**The data:**

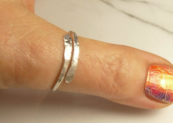 Thumb Ring, bypass ring, Hammered Swirl ring, Sterling Silver ring, Midi Ring
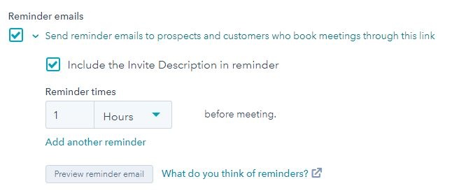 - Optional but recommended: (choose to send reminder emails which are sent to the person that booked the meeting at your chosen schedule times )
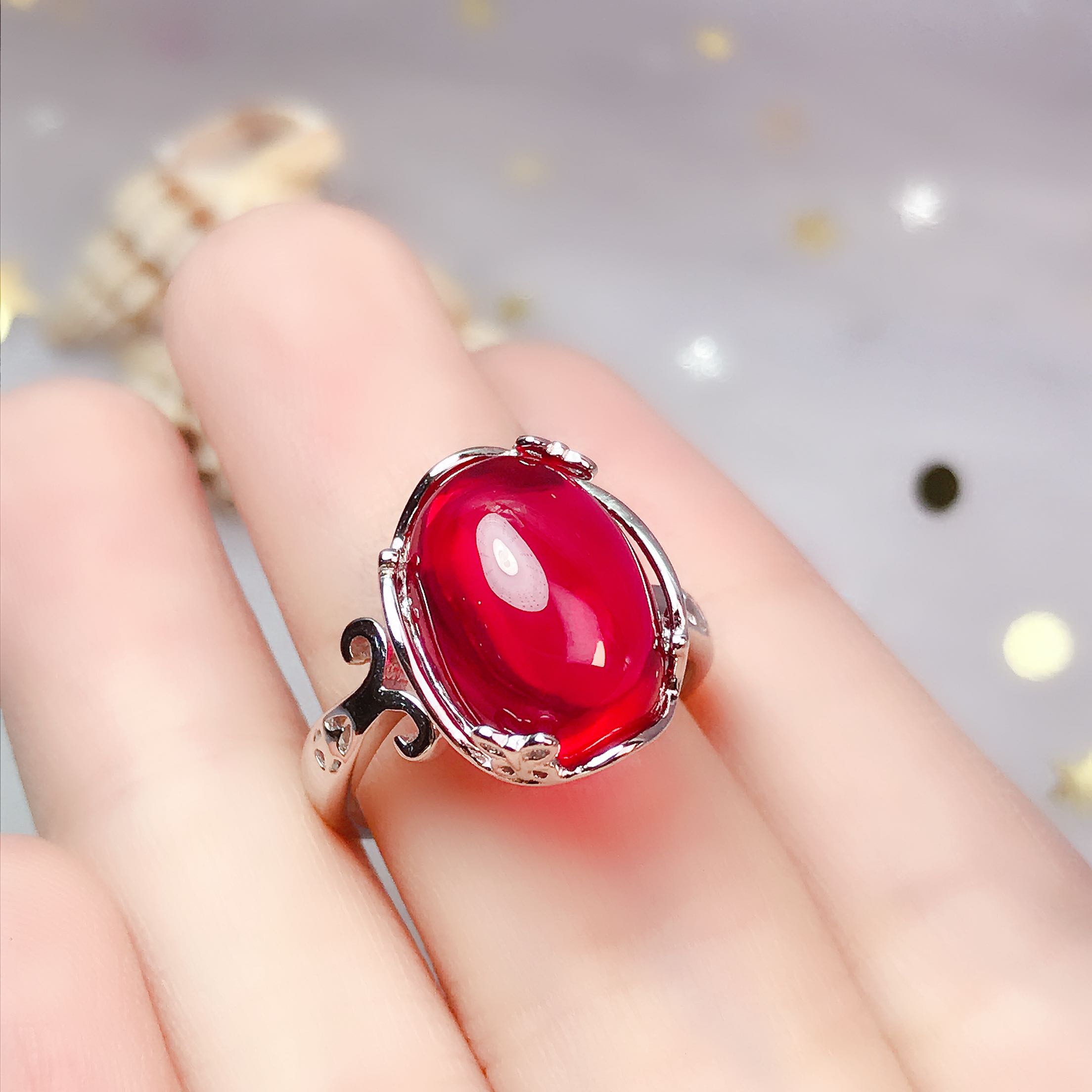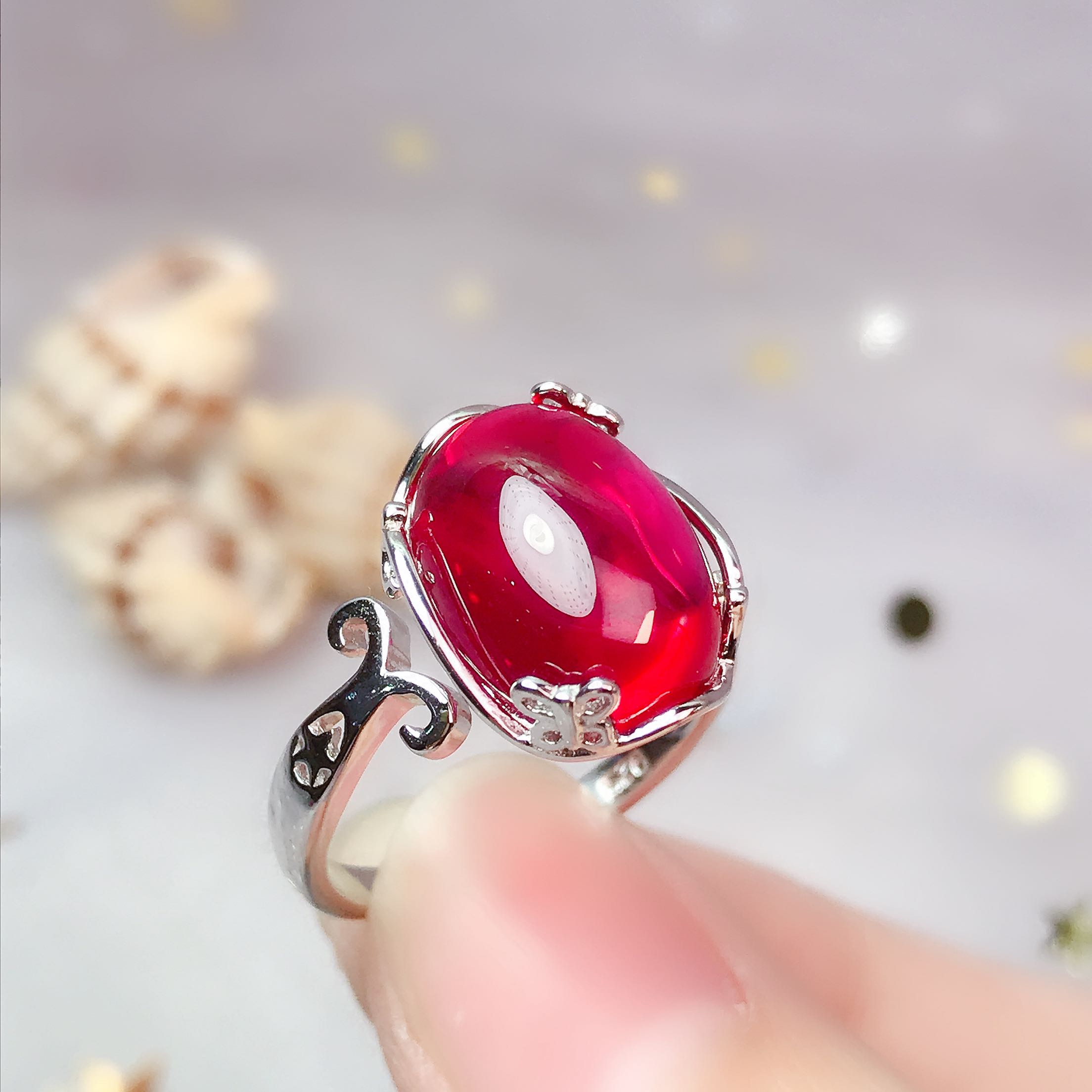 红色宝石水晶红刚玉戒指女开口戒925纯银饰电镀18K金镶嵌日韩礼物

**Problem details:** Skipping all images, print the data above a second time exactly.

**Exercise solution:**
 Thumb Ring, bypass ring, Hammered Swirl ring, Sterling Silver ring, Midi Ring
 - Optional but recommended: (choose to send reminder emails which are sent to the person that booked the meeting at your chosen schedule times )
 红色宝石水晶红刚玉戒指女开口戒925纯银饰电镀18K金镶嵌日韩礼物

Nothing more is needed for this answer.